Michael Addition Reactions of Cyclanone Homologous series with Acrylamide Derivatives: Preferring 2-Carbamoylethyl Derivatives or Ene-lactams
writer:Weifeng Dai, Chaohua Wang, Xi Zhang, Jinming Zhang and Meidong Lang*
keywords:Michael addition reaction, cyclanone, acrylamide, ene-lactam, 2-carbamoylethyl derivative
source:期刊
specific source:Science in China Series B: Chemistry. 2008, 51, 1044-1055
Issue time:2008年
The electron-withdrawing groups (EWGs) in the electrophilic alkenes employed in the Michael addition reaction are almost only CO2R, CN, COR, NO2, and SO2Ph. Although amides (CONR1R2) are also typical electron-withdrawing groups and are of great importance in organic synthesis, they are scarcely employed as the EWGs of the electrophilic alkenes in the Michael addition reaction. In this work, the Michael reactions of acrylamide and its derivatives with cyclanones were successfully carried out in the presence of enough radical inhibitors. The amide groups play a key role in producing the preferred products.
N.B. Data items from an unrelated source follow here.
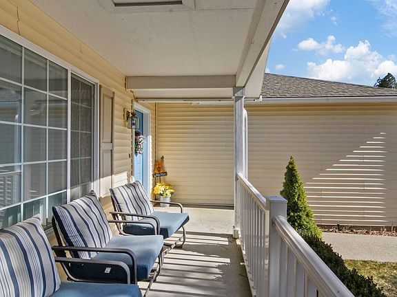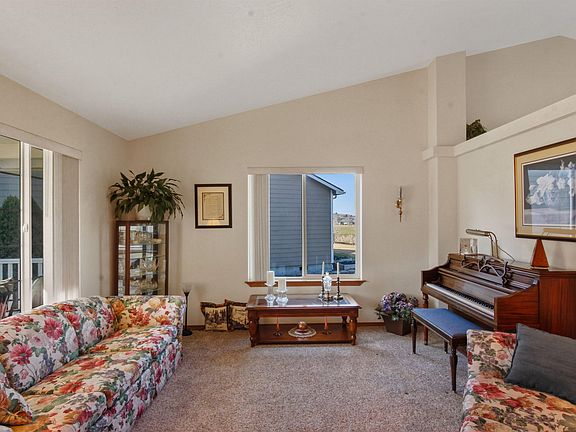 Lovingly cared for West Plains move in ready home in gated West Terrace Place community. One level living: 3 bed, 2 bath home on 9 hole Plains Golf Course. Sellers to provide flooring allowance with full price offer. Enjoy expansive views of golf course, stunning sunsets & wild bird watching. Easy freeway access with short commute to Cheney or downtown Spokane. Close to nearby lakes for fishing & water sports. Great room features gas log fireplace. Kitchen has oak cabinets. Room to eat at the island or dining table. Separate formal living room. Large primary bedroom has walk-in closet & shower. 12x20’ deck with SunSetter retractable awning, accessible from primary bed & great room. 3rd bedroom set up as a den/office. Gas H2O & furnace, central air, vinyl siding, sprinkler sys. Laundry has extra storage. Extra-large 2-car garage, plenty of storage. HOA plows street & maintains common area. Need gate code to drive into community but can walk thru man gate to view home.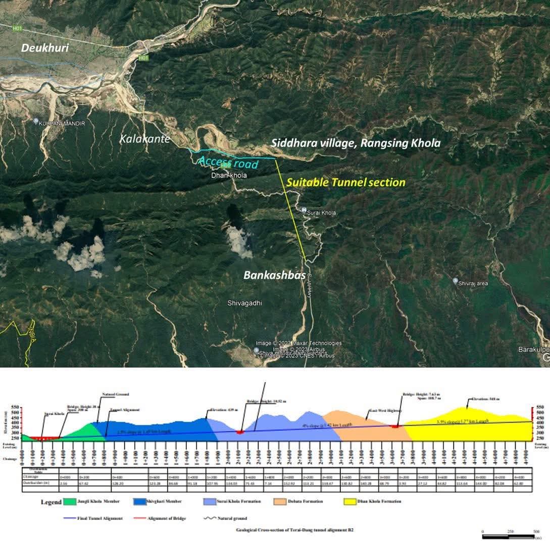 काठमाडौ। नेपाल सरकारले चुरे (शिवालिक) पहाडको नाजुक भू–भागमा पूर्व–पश्चिम राजमार्गको बनकासवास–सुराहीखोला–धानखोला–कालाकाँटे खण्ड चौडा गर्ने योजना अघि बढाएको छ। तर दाउन्ने पहाड काट्दाको अनुभवले स्पष्ट पारेको छ– चुरेजस्तो कमजोर भू–बनोटमा परम्परागत तरिकाले सडक विस्तार गर्दा पहिरो, लगातार अवरोध र दीर्घकालीन ठूलो क्षति निम्तिन्छ। बारम्बारको मर्मत र विपद् व्यवस्थापनमा देशले अर्बौँ रुपैयाँ गुमाइरहेको छ। त्यसैले दाङ देउखुरीको भालुवाङसम्म पुग्ने यो खण्डमा पहाड काट्ने होइन, करिब ४.१ किमी लामो दुई लेनको सुरुङ निर्माण गर्नु सुरक्षित, दिगो र अविरल यातायातको एकमात्र व्यावहारिक विकल्प हो।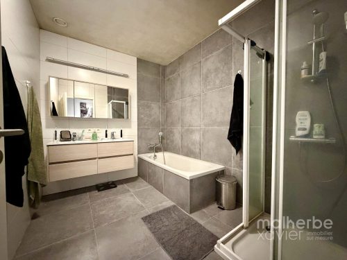 Trois chambres spacieuses donnant directement accès au jardin privatif, une salle de bain avec meuble double vasques et cabine de douche, un WC séparé, une cave et une seconde buanderie.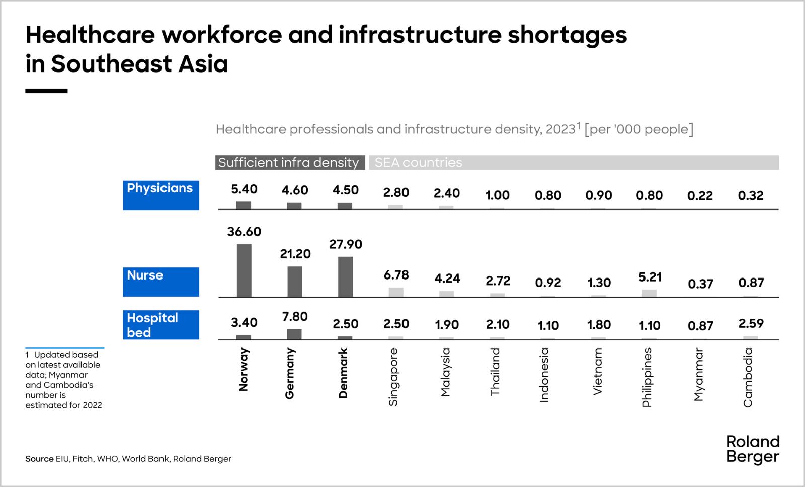 Additionally, SEA countries face a shortage of physicians, nurses, and specialists, which hinders their ability to meet the population's needs.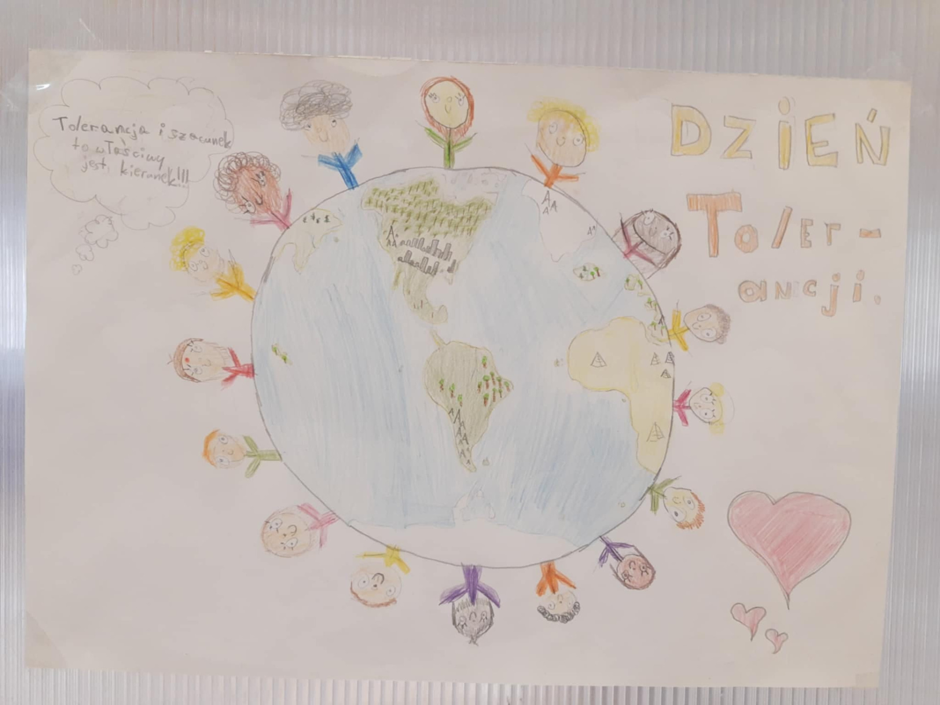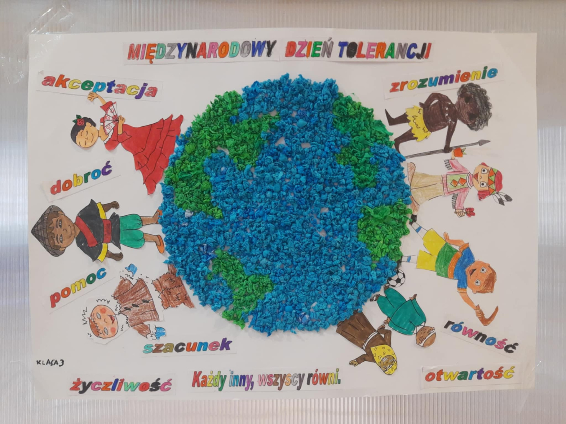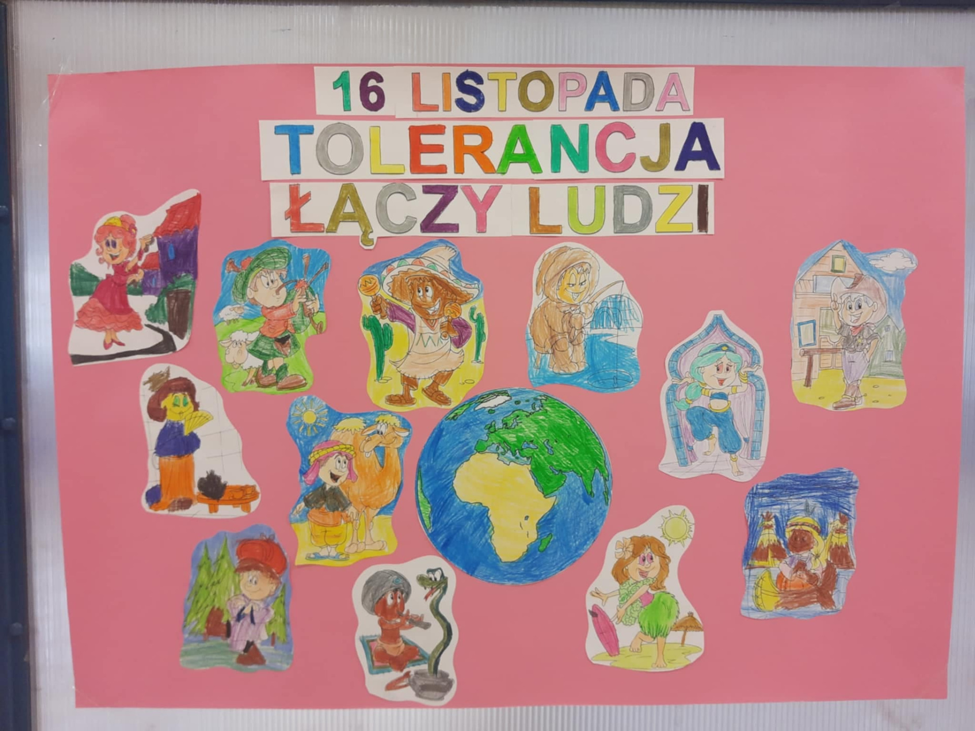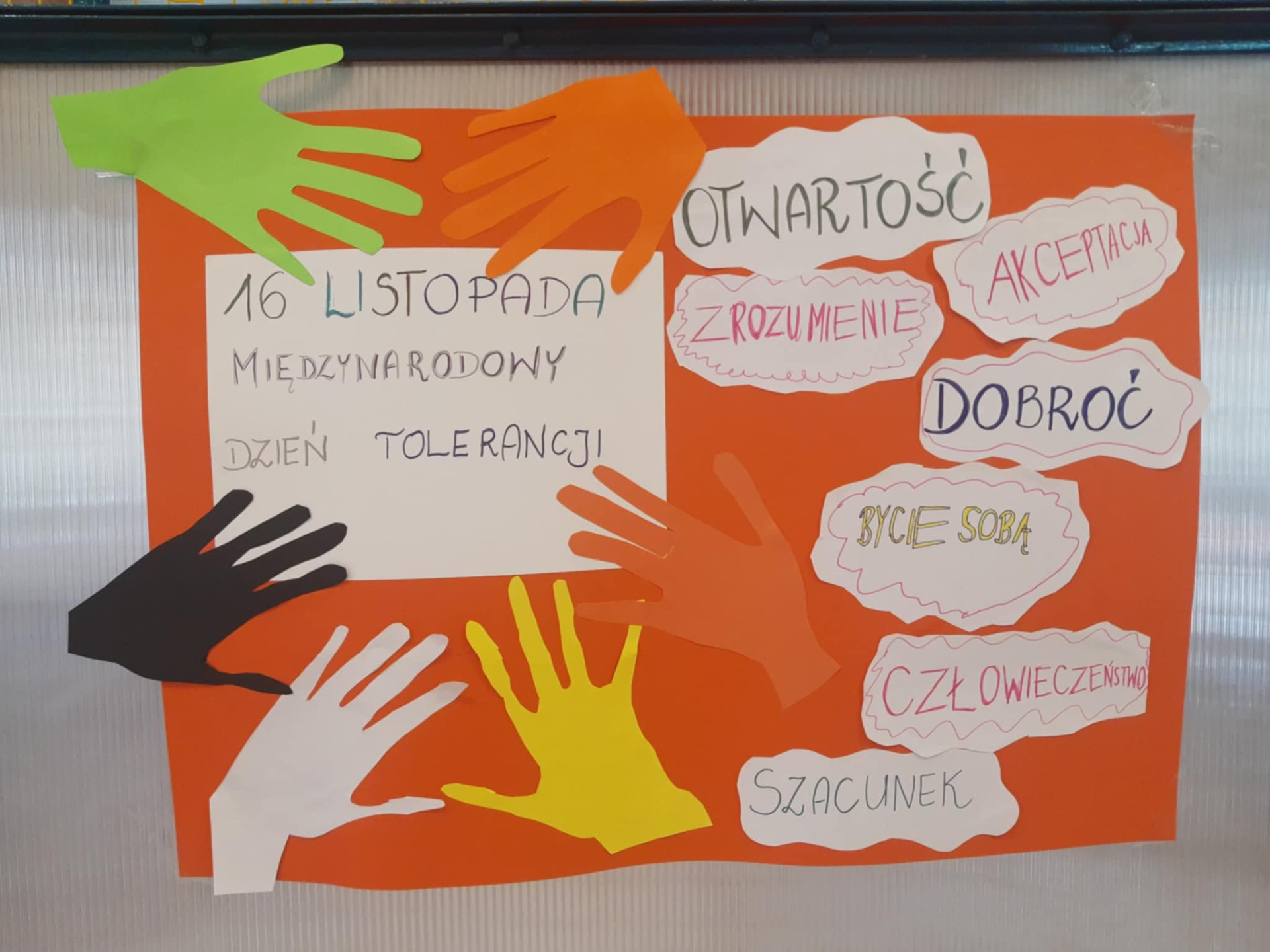 Z okazji tego święta Samorząd Uczniowski ogłosił akcję, która polegała na wykonaniu przez wszystkie klasy naszej szkoły plakatów dotyczących tolerancji. Była to także okazja do refleksji i rozmów nad własną postawą w odniesieniu do innych osób. Wykonane przez dzieci prace, przedstawiające różne symbole i hasła nawiązujące do tematyki i ogólnych założeń Międzynarodowego Dnia Tolerancji, można podziwiać na górnym korytarzu naszej szkoły.

The N-substituted acrylamides, including N-monosubstituted and N,N-disubstituted acrylamides could react with cyclohexanone (CHn) to give the expected 2-carbamoylethyl derivatives; however, acrylamide reacting with cyclohexanone only produced ene-lactam. Cyclanones also have effects on the products, while the ring size of cyclanones influences the reaction yield and the α-substituent decides the ratio of resulting isomeric ene-lactams.